Infectious surveillance, prophylaxis, and supportive care

Before the start of conditioning, serology for herpesviruses (HSV, CMV, EBV, HHV-6, varicella zoster virus (VZV)), as well as respiratory viruses (influenzavirus A and B, parainfluenza and respiratory syncytial virus (RSV), adenovirus (ADV)), parvovirus B19, HIV, and hepatitis viruses, was assessed in all patients. Tests routinely performed during inpatient treatment included weekly monitoring of viral load in the blood (plasma), stool, urine, and oral lavage by quantitative real-time PCR specific for HSV, EBV, CMV, and HHV-6 and tests for RSV antigen (in oral lavage), ADV antigen (in oral lavage, urine, and stool), and polyomavirus JC and BK DNA (in urine). In the outpatient setting after haplo-HSCT (typically after day +30), PCR tests for CMV and EBV were routinely carried out every 7 or 14 days at least until day +100.

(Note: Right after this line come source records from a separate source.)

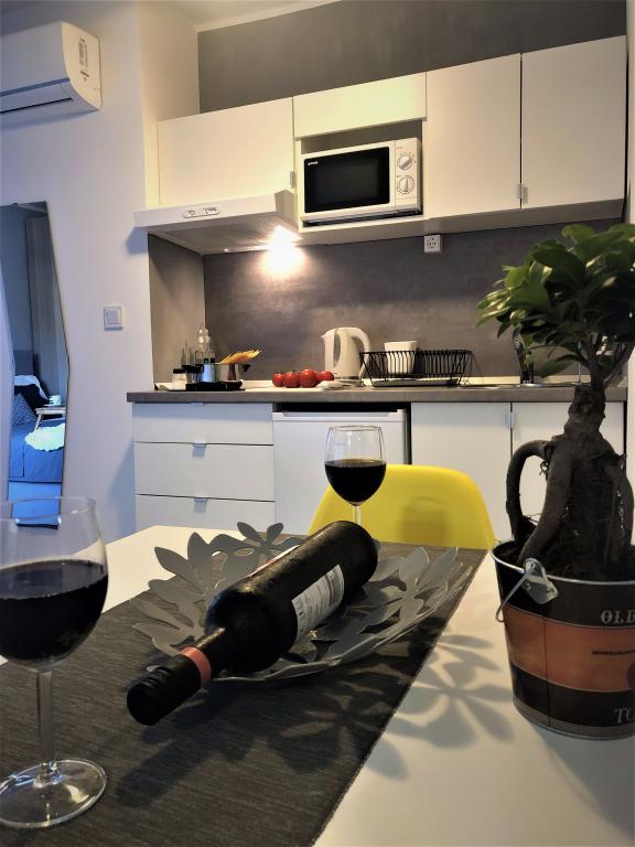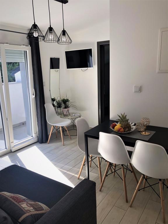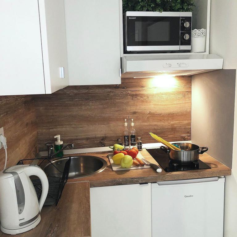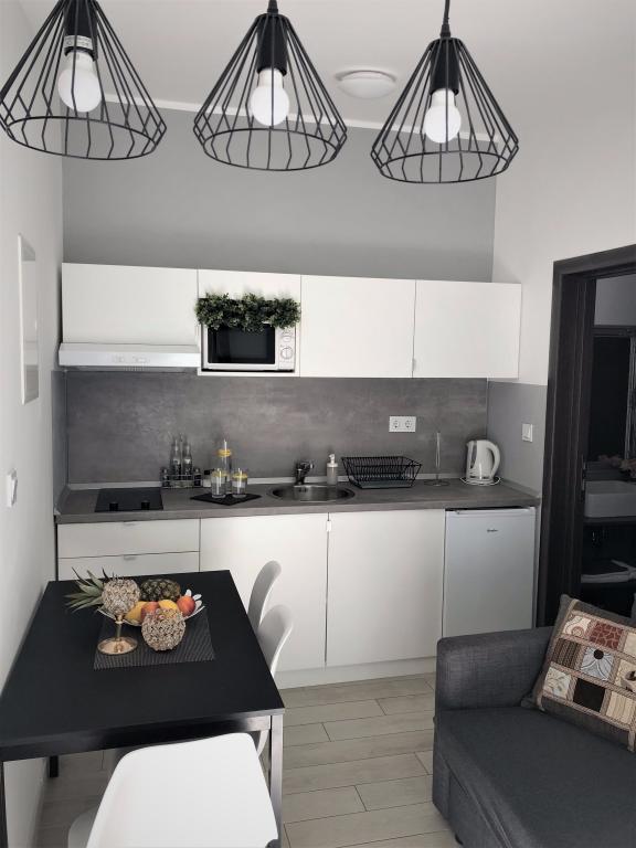 Nově postavené, moderní byty v centru města. Vzdálenost od pláže je 150 metrů. Jsme blízko všech důležitých zařízení. Obchod je vzdálený 30 metrů. Bankomat, pekárna, pošta, záchranná služba a další zařízení máte na dosah ruky. Apartmány mají bezplatné Wi-Fi, klimatizaci, parkování na místě, satelitní programy, pohodlné hotelové postele, balkony a terasu s grilem a prostorem pro hraní a socializaci. Kromě výše uvedeného existují další zařízení, která potřebujete pro příjemnou a pohodlnou dovolenou. Ubytování je ideální pro páry, rodiny a podnikatele. Vítejte v našich apartmánech a je na nás, abychom vám poskytli nezapomenutelnou dovolenou. Informace o obsazenosti a cenách podle období jsou k dispozici v nabídce.
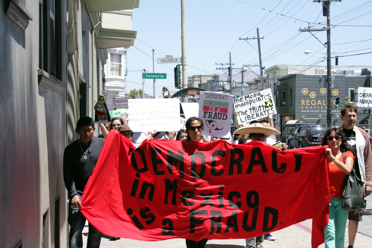 Beautifully balanced coverage of a tipicaly active and sunny day in the Mission. Mexico needs our attention and support. The fraudulent election there results is not unlike the fraudulent and illegal imposition of W. Bush in his “win” over Gore. Mexico is not a foreign country, its our neighbor and deserves our support!
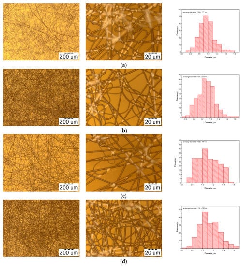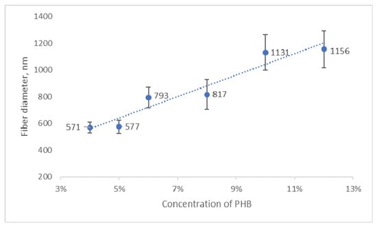Figure 3 shows the average diameter of the obtained fibers. An increase in the concentration of the PHB leads to an increase in the average diameter of the nanofiber while the other parameters remain unchanged. The average diameter of the nanofibers increases from 571 nm to 1156 nm, with an increase in the concentration of PHB from 4% to 12%.
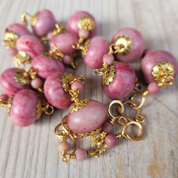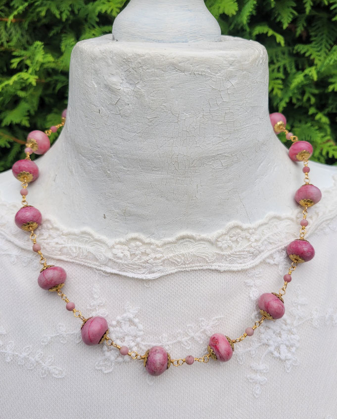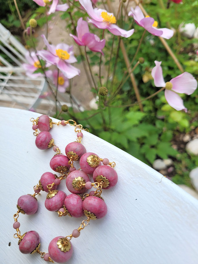 Ich habe den romantischen Halsschmuck wegen seiner wunderschönen Rosatöne nach der Herbstanemone benannt. Sie hat mich mit ihren lustigen Kugelknospen schon immer vielfältig inspiriert.
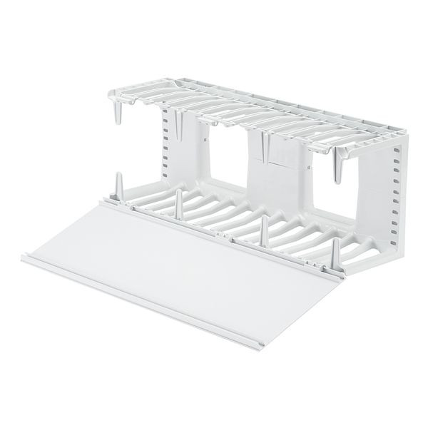 Die horizontale NetManager™ Kabelführung für hohe Kapazität organisiert und schützt kosteneffektiv Kupfer- und Glasfaserkabel in jedem standardmäßigen EIA 19" (483mm)-Rack oder Schrank. Große Öffnungen an den vorderen Fingern ermöglichen die komfortable Aufnahme von Kabeln der Kategorie 6 und 6A, wodurch sich Installationszeit und Instandhaltungskosten verringern lassen. Die Einseiten-Kabelführung ist 3 RU und verfügt nur über eine aufklappbare vordere Abdeckung. Die Führung ist weiß.
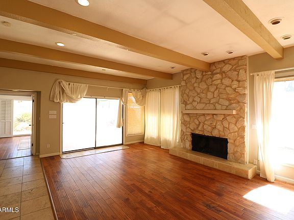 Located in the Missouri Square community in Uptown Phoenix, this 2 bedroom, 2 bath home features a den/office with adjacent atrium, spacious living room with stone fireplace & decorative wood beams, formal dining room & breakfast room, travertine & laminate wood flooring, walk in closet in the primary bedroom, double sinks in the primary bathroom, indoor laundry room, private front courtyard, 2 car garage, N/S exposure, rear covered patio with Saltillo tile flooring, additional covered patio, pool, and more!
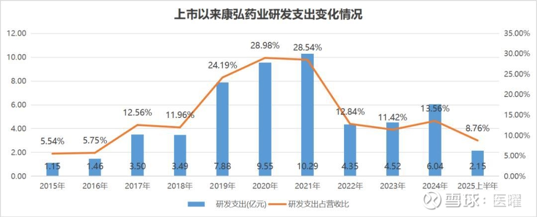 因此康柏西普的红利期还有多长,已经不好说了。康弘药业自身也是危机感十足,2019年以来研发支出总计将近45亿元,年平均占营收比接近20%,在国内药企中也属罕见。
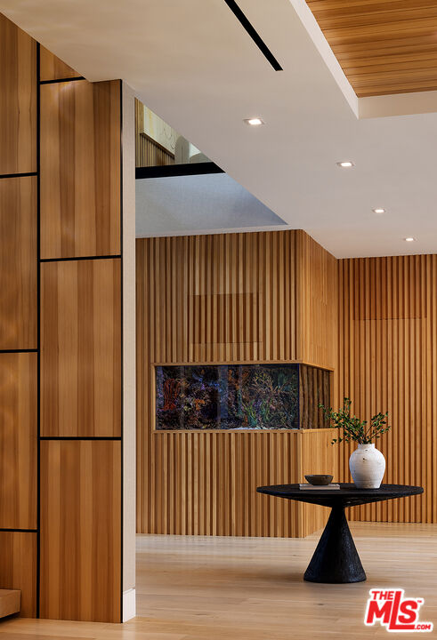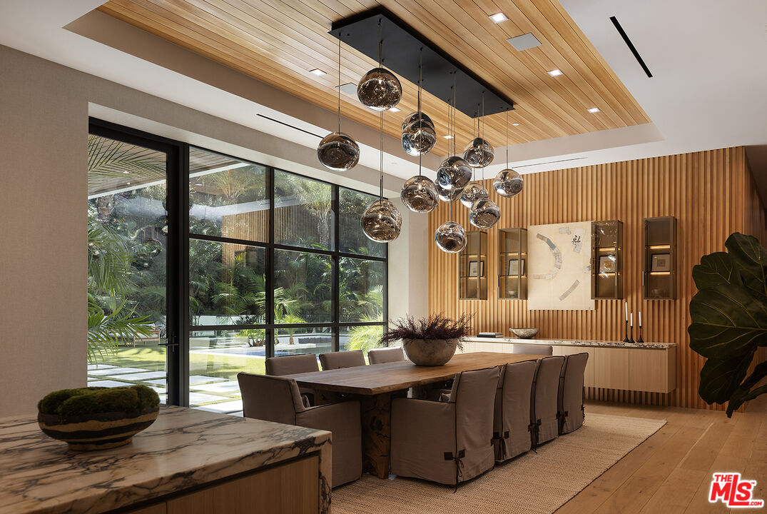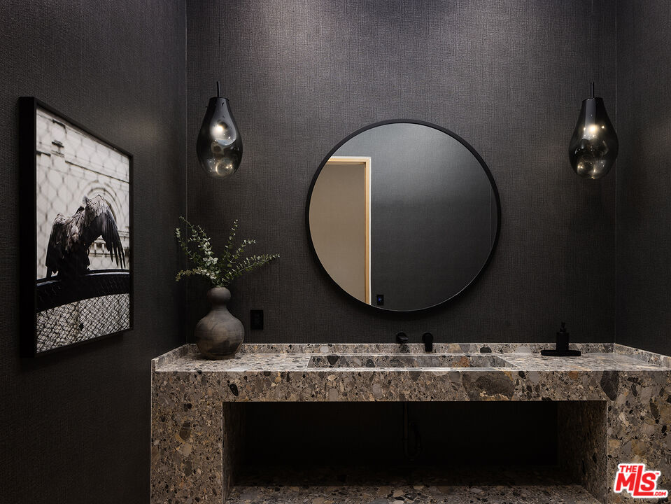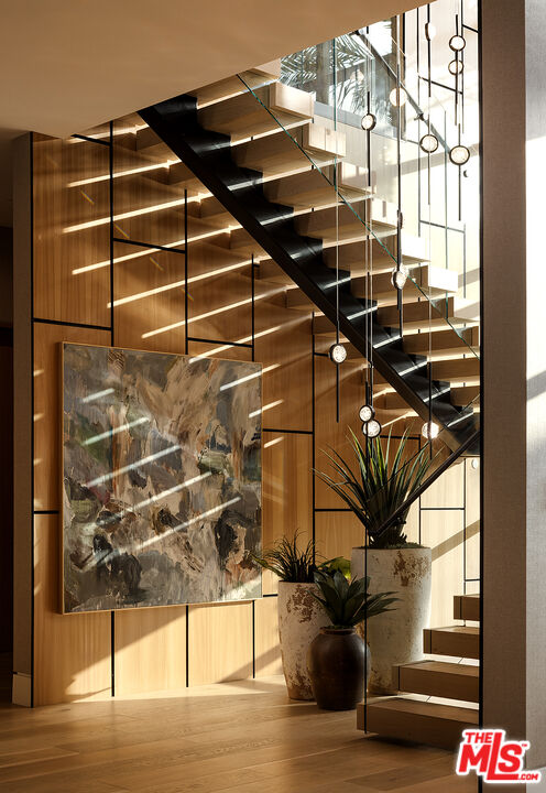 Indulge in an effortless resort-quality lifestyle from this extremely private entertainer's compound surrounded by natural greenery with sumptuous canyon views, showcasing a variety of premier amenities on 1.3 acres of mostly flat usable land. An absolute dream for recreational enthusiasts, growing families, and sports professionals alike, this exquisite haven includes a dedicated pickleball court, a professional-size basketball/sports court, and putting green, all enveloped by a flourishing leafy paradise. An expansive gated motor court provides parking for ten cars, and a striking entry calms the senses with soft organic tones complementing the lush hillside beyond. A gourmet chef's kitchen is outfitted with bookmatched stone slabs, triple waterfall island, and Miele appliances as well as a commercial-grade walk-in refrigerator in the caterer's prep galley. Both bar and wine room are showpiece standouts, and the theatre is expertly configured to match a true cinema experience. Upstairs, the primary wing alone spans 3,000 square feet and offers a lounge, two-sided fireplace, and a marvelous spa-worthy imported European stone-clad bathroom plus dual closet changing rooms, one of which features a walk-out balcony with fire pit overlooking the grounds below. Other amenities include an office, gym, sauna, and mud room. Enjoy a casual, fun-filled lifestyle at this private, family-friendly luxury resort that features a cabana with outdoor kitchen and rainfall curtain, relaxation loggia, a 16-person sunken fire pit with glass view to pool, numerous sitting areas, organic gardens, and 3,000-square-foot rooftop deck optimized for entertaining under California skies. Secluded in a park-like setting with no immediate neighbors, this ideal estate promises joyful existence and enduring, uninterrupted leisure from one of the most highly sought-after locales in the world. Welcome to the peak of contemporary luxury.
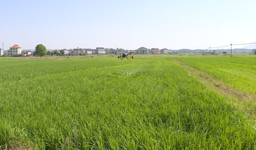 9月1日上午10点,在长塘镇双季稻高标准创建示范片,稻田排列整齐,随风摇曳。一台装满农药的无人机按照设定的路线,均匀喷洒着药剂。田埂上,农技专家正在指导农户进行田间管理。
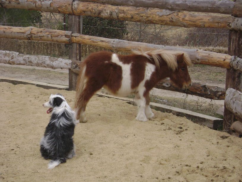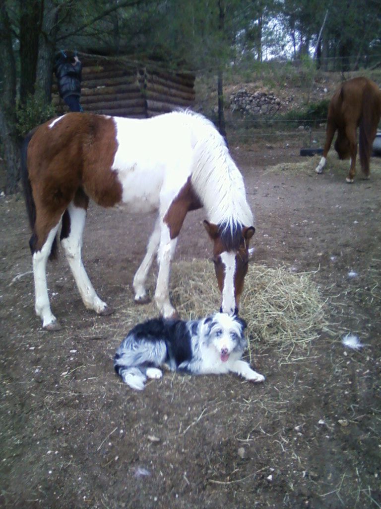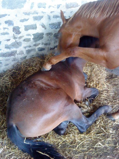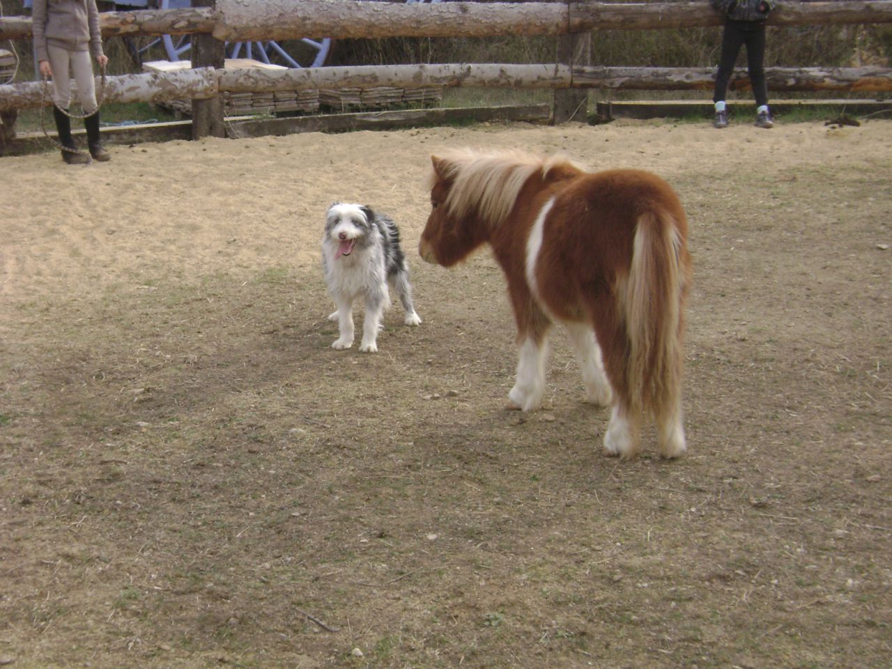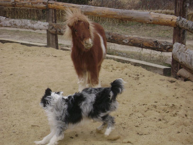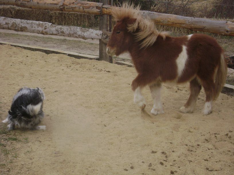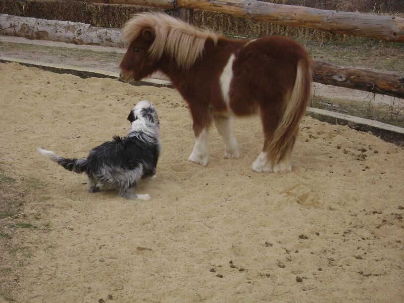 | Dire merci | on est vraiment de vilains bipêdes quand même, à recréer les jeux du cirque dans le rond de longe !!! A vouloir que le Dun en prenne une par un shet de 10 mois (afin d'éviter qu'il se fasse dévisser par l'un de nos chevaux quand il lui collera ou goûtera le jarret comme il aime faire...) et en plus ça n'a même pas marché ! Par contre il a pris le jus des clôtures avec sa queue et il a kaïkayé en me regardant avec un air de reproche comme si j'étais la vilaine responsable... A chaque fois il fait pareil et à chaque fois il croit qu'on le punit !!! Mais la fois d'après il y revient, pire, il longe la clôture avec la queue comme la perche du tramway et continue de kaïkayer en courant tout autour du paddock !!! Il est fou ce chien ! (il est jeune hein ) |
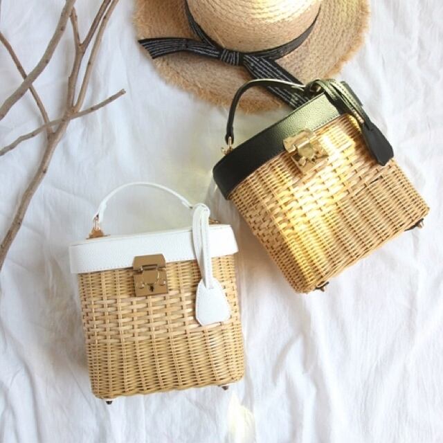 高級感のあるゴールドロック付きのスクエア型籠バッグ♡

Routine prophylactic protective procedures for all patients included single unit isolation with air filters (HEPA), personnel wearing gloves and face masks, and prohibition of access of any persons presenting symptoms of upper or lower respiratory tract infection. All patients received standard antimicrobiological prophylaxis with acyclovir and trimethoprim-sulfamethoxazole. Acyclovir was administered at a daily dose of 4 × 400 mg orally (p.o.) or 3 × 500 mg intravenously (IV) over a period of at least 3–6 months after haplo-HSCT, or until discontinuation of immunosuppression and a CD4+ T-cell count >200/μl. CMV or EBV prophylaxis or high-dose intravenous immunoglobulins (IVIGs) were not administered on a routine basis. Patients were treated preemptively for CMV antigenemia or CMV DNA-emia (ganciclovir, foscarnet) and for EBV DNA-emia (cidofovir, rituximab).

Preparative regimen

In the cTCR/TCD setting, conditioning consisted of total body irradiation (TBI) or busulfan, an infusion of irradiated donor peripheral blood leukocytes (buffy coat), antithymocyte globulin (rabbit ATG 20 mg/kg daily for 5 days), and cyclophosphamide (50 mg/kg daily for 4 days). The graft source was bone marrow given on day 0 followed on day +6 by CD6-depleted G-CSF-mobilized peripheral blood stem cells (PBSCs) [19]. GvHD prophylaxis consisted of short-course methotrexate (15 mg/m2 on day +1 and 10 mg/m2 on days +3 and +7) and cyclosporine A, which was discontinued on day +100 in the absence of GvHD.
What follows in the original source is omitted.